Future work should focus on improving robustness against detection errors through iterative refinement, feedback-based detection–segmentation loops, and complementary region proposals. Incorporating multi-modal inputs may mitigate failures in complete darkness or severe weather, while model compression and lightweight design could enable deployment in low-resource airport environments and on edge devices.

5. Conclusions

This paper presents an integrated framework for real-time detection and a semantic description of FOD on airport pavements. The proposed method addresses three critical challenges in this domain: the difficulty of detecting small objects under complex environments, the need for recognizing previously unseen FOD categories, and the demand for structured, interpretable scene-level understanding. The system combines a multi-scale feature enhancement detector based on YOLOv7-X, a SAM-guided segmentation pipeline for open-set FOD localization, and a structured prompt engineering mechanism for LLM-based semantic description. Extensive experiments on real-world datasets demonstrate significant improvements in detection accuracy, segmentation precision, and language controllability.
The main conclusions of this study are summarized as follows:
  • The proposed feature enhancement techniques effectively improve small-object detection performance. By incorporating Coordinate Attention, Space-to-Depth Convolution, and Gaussian similarity-based IoU assignment, the optimized YOLOv7-X model achieves an AP of 90.5%, with a 4.9% improvement over the baseline. Notably, the APs for small objects increased by 4.5–6.0%, demonstrating the effectiveness of preserving spatial detail and enhancing anchor assignment.
  • The cascaded YOLO-SAM segmentation framework improves mask precision and enables generalization to unannotated FOD instances. By analyzing different prompt strategies, it was found that moderate enlargement of YOLO-generated bounding boxes (150%) as prompts significantly improves SAM segmentation results. The optimal configuration achieves an MPA of 96.88, MIoU of 0.986, and F1 Score of 0.988, enabling reliable delineation of unknown foreign objects in diverse scenes.
  • The structured prompt engineering module improves the quality and consistency of GPT-generated FOD descriptions. By combining spatial encoding and a semantic cue lexicon, the system boosts description accuracy from 76.4% to 91.3%, and improves prompt consistency by 28.4%. This demonstrates that integrating expert knowledge and spatial priors into prompt templates significantly enhances LLM controllability and output interpretability.

Author Contributions

Conceptualization, H.C. and Y.L. (Yihao Li); methodology, R.Z. (Ruoxi Zhang); software, R.Z. (Ruiheng Zhang); validation, H.C.; formal analysis, Y.L. (Yihao Li) and R.Z. (Ruiheng Zhang); investigation, Y.L. (Yang Lei); resources, R.Z. (Ruoxi Zhang); data curation, H.C.; writing—original draft preparation, H.C.; writing—review and editing, Y.L. (Yihao Li); visualization, R.Z. (Ruiheng Zhang); supervision, W.Z.; project administration, H.C.; funding acquisition, R.Z. (Ruoxi Zhang). All authors have read and agreed to the published version of the manuscript.

Funding

This research was funded by the National Natural Science Foundation of China (grant number 52278443), The Fundamental Research Funds for the Central Universities & The Funds for CAAC, the Key Laboratory of Flight Techniques and Flight Safety (grant number FZ2025ZX15), the Postgraduate Research and Practice Innovation Program of Jiangsu Province (grant number KYCX22_0289). The APC was funded by Ruoxi Zhang.
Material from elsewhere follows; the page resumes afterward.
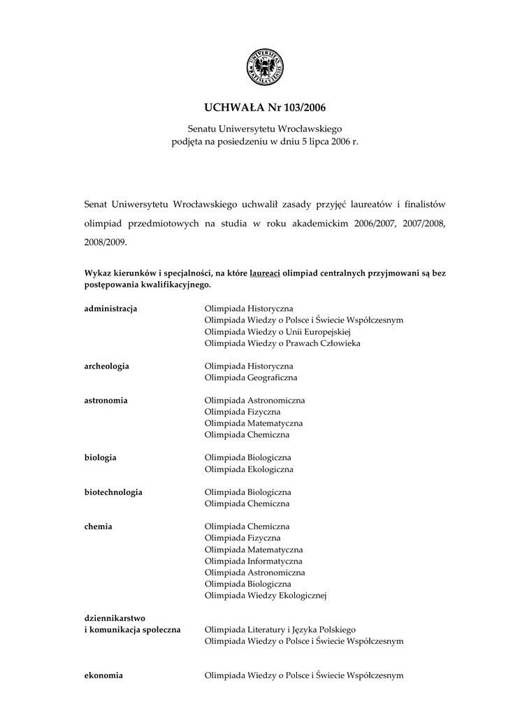 UCHWAŁA Nr 103/2006 Senatu Uniwersytetu Wrocławskiego podjęta na posiedzeniu w dniu 5 lipca 2006 r. Senat Uniwersytetu Wrocławskiego uchwalił zasady przyjęć laureatów i finalistów olimpiad przedmiotowych na studia w roku akademickim 2006/2007, 2007/2008, 2008/2009. Wykaz kierunków i specjalności, na które laureaci olimpiad centralnych przyjmowani są bez postępowania kwalifikacyjnego. administracja Olimpiada Historyczna Olimpiada Wiedzy o Polsce i Świecie Współczesnym Olimpiada Wiedzy o Unii Europejskiej Olimpiada Wiedzy o Prawach Człowieka archeologia Olimpiada Historyczna Olimpiada Geograficzna astronomia Olimpiada Astronomiczna Olimpiada Fizyczna Olimpiada Matematyczna Olimpiada Chemiczna biologia Olimpiada Biologiczna Olimpiada Ekologiczna biotechnologia Olimpiada Biologiczna Olimpiada Chemiczna chemia Olimpiada Chemiczna Olimpiada Fizyczna Olimpiada Matematyczna Olimpiada Informatyczna Olimpiada Astronomiczna Olimpiada Biologiczna Olimpiada Wiedzy Ekologicznej dziennikarstwo i komunikacja społeczna ekonomia Olimpiada Literatury i Języka Polskiego Olimpiada Wiedzy o Polsce i Świecie Współczesnym Olimpiada Wiedzy o Polsce i Świecie Współczesnym Olimpiada Matematyczna Olimpiada Informatyczna Olimpiada Wiedzy Ekonomicznej Olimpiada Wiedzy o Unii Europejskiej europeistyka Olimpiada Historyczna Olimpiada Wiedzy o Polsce i Świecie Współczesnym Olimpiada Wiedzy o Unii Europejskiej filologia angielska Olimpiada Języka Angielskiego filologia germańska Olimpiada Języka Niemieckiego Olimpiada Literatury i Języka Polskiego filologia klasyczna Olimpiada Języka Łacińskiego Olimpiada Literatury i Języka Polskiego Olimpiada Historyczna filologia klasyczna i kultura śródziemnomorska Olimpiada Języka Łacińskiego Olimpiada Literatury i Języka Polskiego Olimpiada Historyczna filologia niderlandzka Olimpiada Języka Angielskiego Olimpiada Języka Niemieckiego Olimpiada Literatury i Języka Polskiego filologia polska Olimpiada Literatury i Języka Polskiego filologia romańska profil francuski Olimpiada Języka Francuskiego filologia słowiańska Olimpiada Języka Rosyjskiego Olimpiada Języka Niemieckiego Olimpiada Języka Angielskiego filozofia Olimpiada Filozoficzna Olimpiada Artystyczna Olimpiada Astronomiczna Olimpiada Biologiczna Olimpiada Chemiczna Olimpiada Fizyczna Olimpiada Geograficzna Olimpiada Historyczna Olimpiada Informatyczna Olimpiada Literatury i Języka Polskiego Olimpiada Matematyczna Olimpiada Wiedzy Ekonomicznej Olimpiada Wiedzy o Polsce i Świecie Współczesnym Olimpiada Wiedzy o Prawach Człowieka fizyka Olimpiada Astronomiczna Olimpiada Fizyczna Olimpiada Matematyczna Olimpiada Chemiczna geografia Olimpiada Geograficzna Olimpiada Nautologiczna geologia Olimpiada Geograficzna Olimpiada Biologiczna Olimpiada Fizyczna Olimpiada Chemiczna Olimpiada Matematyczna Olimpiada Wiedzy Ekologicznej historia Olimpiada Historyczna Olimpiada o Polsce i Świecie Współczesnym Olimpiada Wiedzy Parlamentarnej historia sztuki Olimpiada Artystyczna (sekcja plastyki) informacja naukowa i bibliotekoznawstwo Olimpiada Filozoficzna Olimpiada Historyczna Olimpiada Informatyczna Olimpiada Literatury i Języka Polskiego informatyka Olimpiada Matematyczna Olimpiada Informatyczna Olimpiada Fizyczna matematyka Olimpiada Matematyczna Olimpiada Informatyczna Olimpiada Fizyczna Olimpiada Chemiczna Olimpiada Astronomiczna międzywydziałowe indywidualne studia humanistyczne Olimpiada Historyczna Olimpiada Filozoficzna Olimpiada Literatury i Języka Polskiego Olimpiada Języka Angielskiego Olimpiada Języka Francuskiego Olimpiada Języka Rosyjskiego Olimpiada Języka Niemieckiego Olimpiada Języka Łacińskiego Olimpiada Wiedzy o Polsce i Świecie Współczesnym Olimpiada Wiedzy o Unii Europejskiej ochrona środowiska Olimpiada Ekologiczna Olimpiada Biologiczna Olimpiada Geograficzna Olimpiada Chemiczna Olimpiada Fizyczna pedagogika Olimpiada Literatury i Języka Polskiego Olimpiada Historyczna Olimpiada Biologiczna politologia Olimpiada Historyczna Olimpiada Wiedzy o Polsce i Świecie Współczesnym Olimpiada Wiedzy o Unii Europejskiej prawo Olimpiada Historyczna Olimpiada Wiedzy o Polsce i Świecie Współczesnym Olimpiada Wiedzy o Unii Europejskiej Olimpiada Wiedzy o Prawach Człowieka socjologia Olimpiada Wiedzy o Polsce i Świecie Współczesnym stosunki międzynarodowe Olimpiada Historyczna Olimpiada Wiedzy o Polsce i Świecie Współczesnym Olimpiada Wiedzy o Unii Europejskiej Wykaz kierunków i specjalności, na które finaliści olimpiad centralnych przyjmowani są bez postępowania kwalifikacyjnego. administracja Olimpiada Historyczna Olimpiada Wiedzy o Polsce i Świecie Współczesnym Olimpiada Wiedzy o Unii Europejskiej Olimpiada Wiedzy o Prawach Człowieka astronomia Olimpiada Astronomiczna Olimpiada Fizyczna Olimpiada Matematyczna Olimpiada Chemiczna biologia Olimpiada Biologiczna Olimpiada Ekologiczna biotechnologia Olimpiada Biologiczna Olimpiada Chemiczna chemia Olimpiada Chemiczna Olimpiada Fizyczna Olimpiada Matematyczna Olimpiada Informatyczna Olimpiada Astronomiczna Olimpiada Biologiczna Olimpiada Wiedzy Ekologicznej dziennikarstwo i komunikacja społeczna ekonomia Olimpiada Literatury i Języka Polskiego Olimpiada Wiedzy o Polsce i Świecie Współczesnym Olimpiada Wiedzy o Polsce i Świecie Współczesnym Olimpiada Matematyczna Olimpiada Informatyczna Olimpiada Wiedzy Ekonomicznej Olimpiada Wiedzy o Unii Europejskiej filologia klasyczna Olimpiada Języka Łacińskiego Olimpiada Literatury i Języka Polskiego Olimpiada Historyczna filologia klasyczna i kultura śródziemnomorska Olimpiada Języka Łacińskiego Olimpiada Literatury i Języka Polskiego Olimpiada Historyczna filologia polska Olimpiada Literatury i Języka Polskiego filologia romańska profil francuski Olimpiada Języka Francuskiego filologia słowiańska Olimpiada Języka Rosyjskiego Olimpiada Języka Niemieckiego Olimpiada Języka Angielskiego filozofia Olimpiada Filozoficzna fizyka Ol

Institutional Review Board Statement

Not applicable.

Informed Consent Statement

Not applicable.

Data Availability Statement

Please contact the corresponding author to request access to the data mentioned in this article, but note that it cannot be used for commercial activities.

Conflicts of Interest

The authors declare no conflicts of interest. The funder was responsible for the visualization and supervision of this article.

Appendix A

Appendix A.1. Structured Prompt Templates

This section provides the exact templates used in the structured prompt system for generating descriptions of detected foreign objects on airport pavements. The templates are designed to incorporate information related to spatial location, material properties, environmental conditions, and operational risks.
The following template serves as the foundation for generating semantic descriptions of FOD instances.
Prompt Format: “Please describe the foreign object number [ID], located at [spatial location], with ground material [material type], under lighting conditions [lighting type]. Surrounding facilities include [facilities]. The object is [risk level] for operational safety.”
Example Prompt: “Please describe the foreign object number 2, located at the eastern edge of the runway, with ground material asphalt, under lighting conditions of strong glare. Surrounding facilities include drainage ditches. The object is high risk for operational safety.”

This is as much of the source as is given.